After quantifying serum-induced cell cycle progression, we then examined the cell cycle arrest caused by NGF addition. Representative traces of cells imaged for the 24-61 hour span post-NGF addition illustrate the increased time spent in G1 phase and the resulting decrease in division (Fig. 3D). Only two of the cells imaged from 0-37 and 24-61 hours post-NGF treatment proceeded from M phase through G1 to S phase; ten cells that where in G1 phase at the beginning of the imaging proceeded into S phase though many had an extended G1 phase. The majority of the NGF-treated cells spent the entire 37 hours of imaging in G1 or entered but did not exit G1 phase (Fig. 3D, traces 1, 3 and 5). In the 0-37 and 24-61 hour post-NGF treatment samples, only two cells arrested in G2 (Fig. 3D, trace 4), one cell arrested in S, and no cells arrested in M phase. The cell cycle arrest in G1 phase that occurred after NGF addition limited the number of cells that completed one or more phases, so phase durations for these cells could not be determined (Table 1).

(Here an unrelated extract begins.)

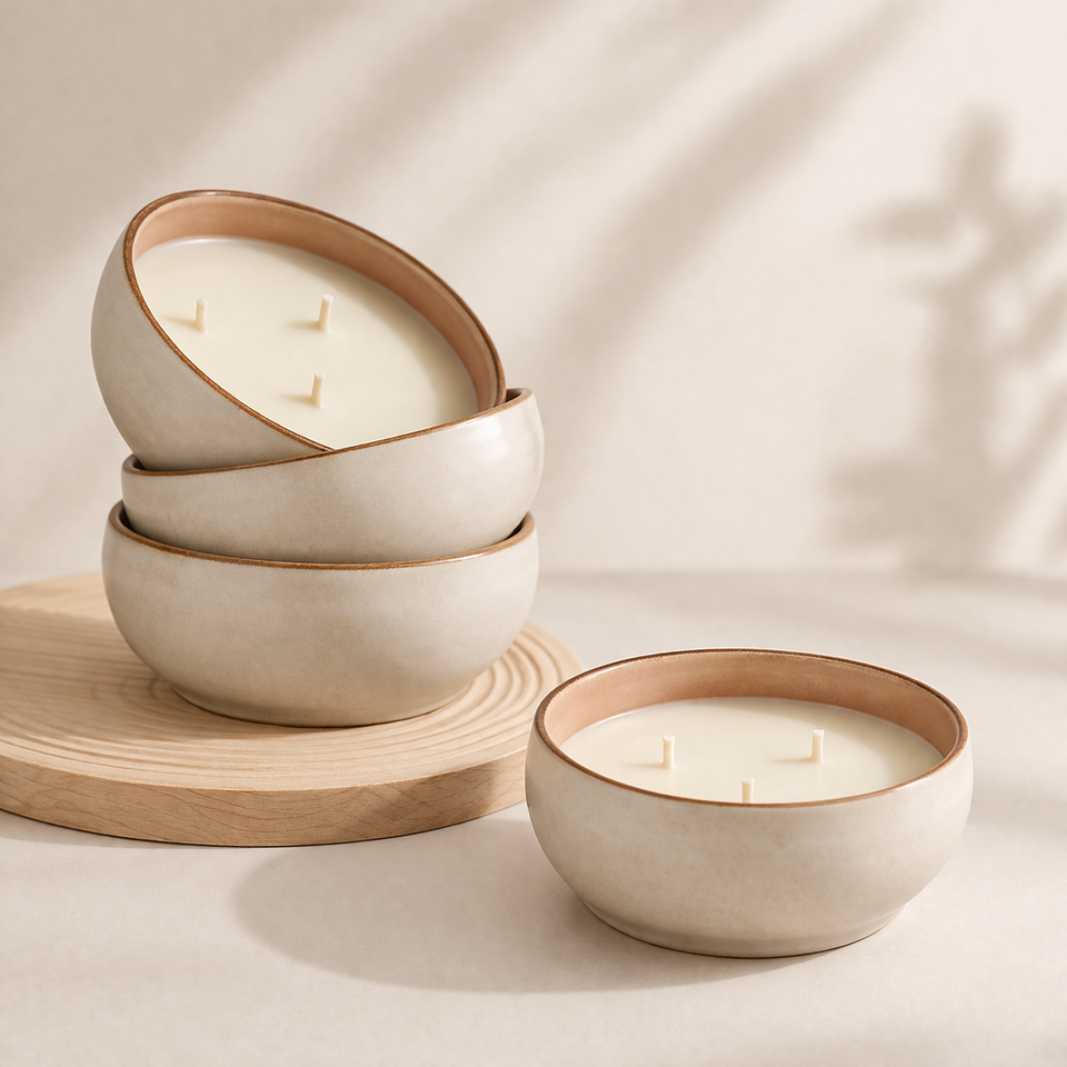 Recipiente Apilable Redondo de Cerámica para Velas, Pared Gruesa, Resistente al Calor, Acabado Mate Suave, Multi-Vela, Lujo, Reutilizable, Decoración del Hogar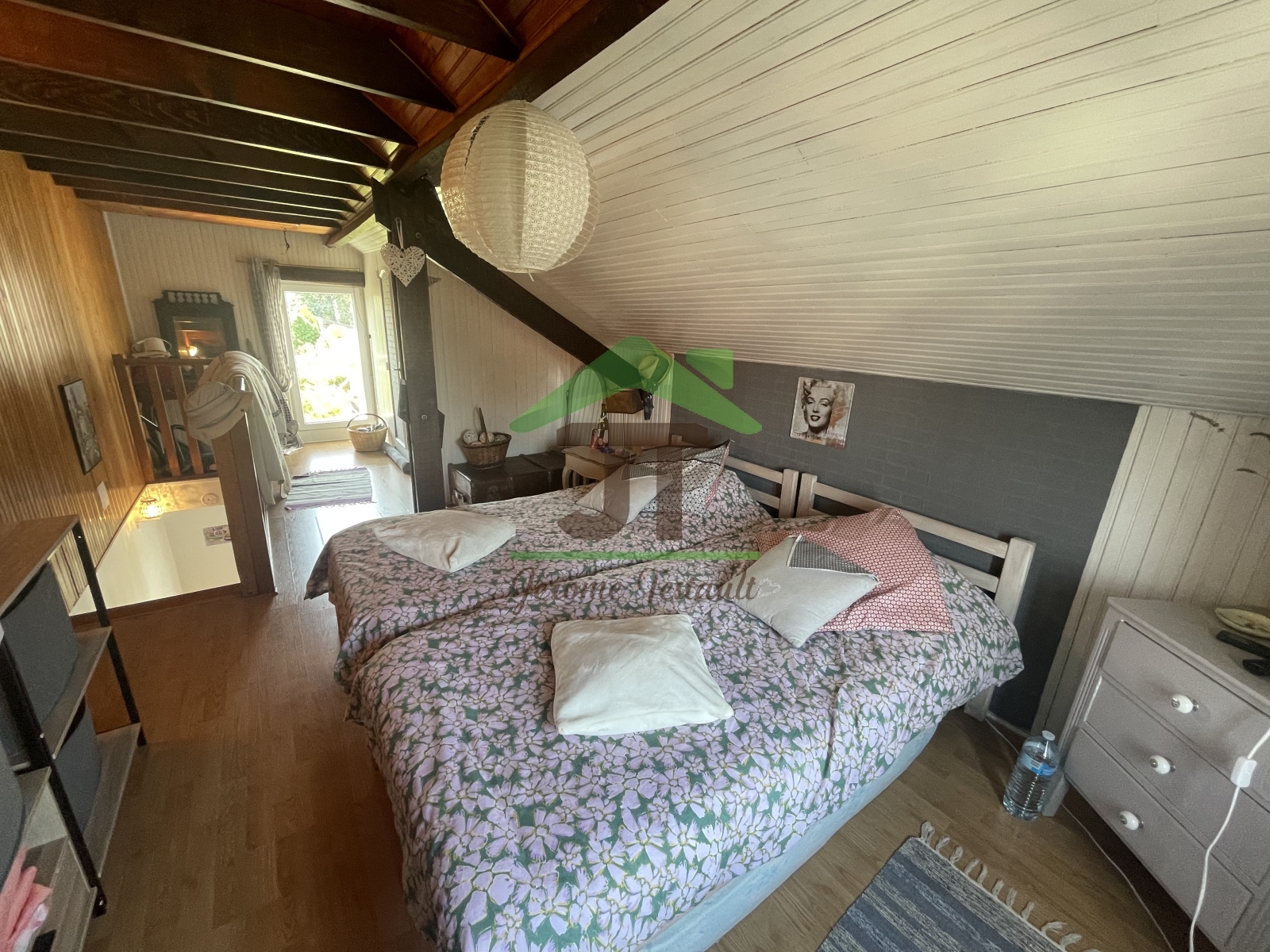 A l'étage vous disposerez d'une chambre en mezzanine et un second WC avec un lave-mains.

In order to analyze this G1 phase arrest phenotype, we calculated the fraction of time cells in the serum and NGF treatments spent in each of the cell cycle phases (Fig. 3E and F). Compared to cells treated with serum, there was a significant increase in the fraction of time NGF-treated cells spent in G1 phase and a parallel reduction of time spent in S phase. Cells imaged in the first 37 hours post-NGF addition (Fig. 3E) were in G1 phase for 80% of the time (compared with 66% of the serum-treated cells). The G1 arrest becomes even more apparent in the cells imaged from hours 24-61 post-NGF addition (Fig. 3F) where 88% of the time cells are in G1 phase (compared with 61% of the serum-treated cells). Together with the G1 phase arrest data shown in single cell traces (Fig. 3D), we propose that addition of NGF reduces the probability of cells exiting G1 phase, though exit from S phase and entry into and exit from G2 and M phases of cells treated with NGF is comparable to serum-treated cells. Cells in G1 phase at the time of NGF exposure rarely proceeded into S phase, but cells in S, G2 or M phases at the time of NGF exposure, proceed with their cell cycles through division and arrest in the subsequent G1 phase. Thus, NGF triggers a robust and nearly immediate G1 phase arrest in PC12 cells.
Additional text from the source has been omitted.